Singer tap to pull data from a Google Cloud Storage bucket.
Maintainer: FIXD Automotive
Originally forked from Fishtown's tap-s3-csv
Singer tap that produces JSON-formatted data following the Singer spec.
Given a configuration that specifies a bucket, a file pattern to match, a file format (csv
or excel
),
and a table name, this tap reads new files from Google Cloud Storage, parses them, infers a schema, and outputs the data
according to the Singer spec.
To run locally, clone this repo, then run:
python setup.py install
Now you can run:
tap-gcs-csv --config config.json
to generate data.
This tap:
- Searches GCS for files matching the spec given.
- Samples 1000 records out of the first five files found to infer datatypes.
- Iterates through files from least recently modified to most recently modified, outputting data according to the generated schema & Singer spec.
- After completing each file, it writes out state that can be used to enable incremental replication.
Given a source file: gs://csv-bucket/csv-exports/today.csv
id,First Name, Last Name
1,Michael,Bluth
2,Lindsay,Bluth Fünke
3,Tobias,Fünke
And a config file:
{
"credentials_path": "./client_secret.json",
"start_date": "2017-05-01T00:00:00Z",
"bucket": "csv-bucket",
"tables": [
{
"name": "bluths",
"pattern": "csv-exports/(.*)\\.csv$",
"key_properties": ["id"],
"format": "csv"
}
]
}
An output record might look like:
{
"id": 3,
"first_name": "Tobias",
"last_name": "Funke",
"_gcs_source_bucket": "csv-bucket",
"_gcs_source_file": "csv-exports/today.csv",
"_gcs_source_lineno": 4,
"_gcs_extra": null
}
- Input files MUST have a header row.
- Input files MUST have cells fully populated. Missing cells will break the integration. Empty cells are handled by the tap.
- If you have the choice, use CSV, not Excel. This tap is able to stream CSV files from GCS row-by-row, but it cannot stream Excel files. CSV files are more efficient and more reliable.

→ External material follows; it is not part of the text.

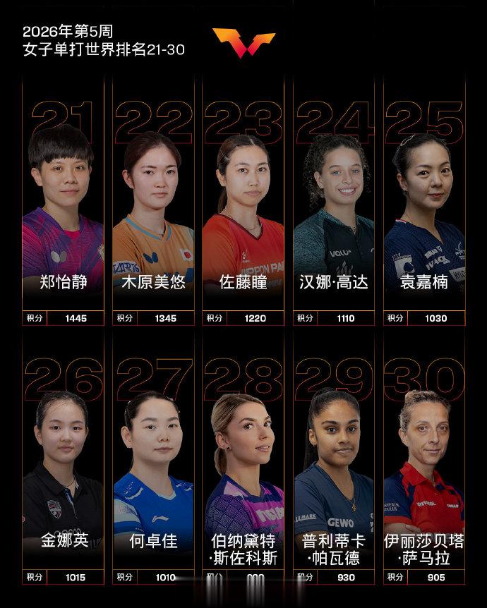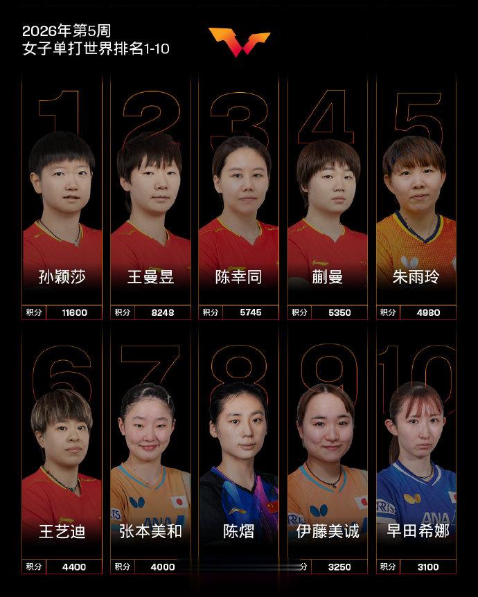 女子单打,中国队球员孙颖莎、王曼昱、陈幸同、蒯曼位列前四,王艺迪位列第六,陈熠位列第八。

- This tap can convert datetimes, but it does not infer date-time as an output datatype. If you want
the tap to convert a field to datetime, you must specify
date-time
as the_conversion_type
inschema_overrides
. See "Configuration Format" below for more information.
See below for an exhaustive list of configuration fields:
{
// A path to a JSON credentials file for a service account that
// has access to read from the bucket.
"credentials_path": "/path/to/client_secret.json",
// the start date to use on the first run. the tap outputs an updated state on each
// run which you can use going forward for incremental replication
"start_date": "2017-05-01T00:00:00Z",
// the bucket to use. make sure the service account credentials provided have read access.
"bucket": "csv-bucket",
// table definitions. you can specify multiple tables to be pulled from a given
// bucket.
"tables": [
// example csv table definition with schema overrides
{
// table name to output
"name": "bluths_from_csv",
// you can limit the paths searched in gcs if there are many files in your
// bucket
"search_prefix": "csv-exports",
// pattern to match in the bucket
"pattern": "csv-exports/(.*)\\.csv$",
// primary key for this table. if append only, use:
// ["_gcs_source_file", "_gcs_source_lineno"]
"key_properties": ["id"],
// format, either "csv" or "excel"
"format": "csv",
// override the encoding for text file formats like "csv"
"encoding": "utf-8",
// decompress the file, either "none" or "zip"
"compression": "none",
// if the files don't have a header row, you can specify the field names
"field_names": ["id", "first_name", "last_name"],
// for any field in the table, you can hardcode the json schema datatype.
// "_conversion_type" is the type that the tap will try to coerce the field
// to -- one of "string", "integer", "number", or "date-time". this tap
// also assumes that all fields are nullable to be more resilient to empty cells.
"schema_overrides": {
"id": {
"type": ["null", "integer"],
"_conversion_type": "integer"
},
// if you want the tap to enforce that a field is not nullable, you can do
// it like so:
"first_name": {
"type": "string",
"_conversion_type": "string"
}
}
},
// example excel definition
{
"name": "bluths_from_excel",
"pattern": "excel-exports/(.*)\\.xlsx$",
"key_properties": ["id"],
"format": "excel",
// the excel definition is identical to csv except that you must specify
// the worksheet name to pull from in your xls(x) file.
"worksheet_name": "Names"
}
]
}
- Column names have whitespace removed and replaced with underscores.
- They are also downcased.
- A few extra fields are added for help with auditing:
_gcs_source_bucket
: The bucket that this record came from_gcs_source_file
: The path to the file that this record came from_gcs_source_lineno
: The line number in the source file that this record was found on_gcs_extra
: If you specify field names in the config, and there are more records in a row than field names, the overflow will end up here.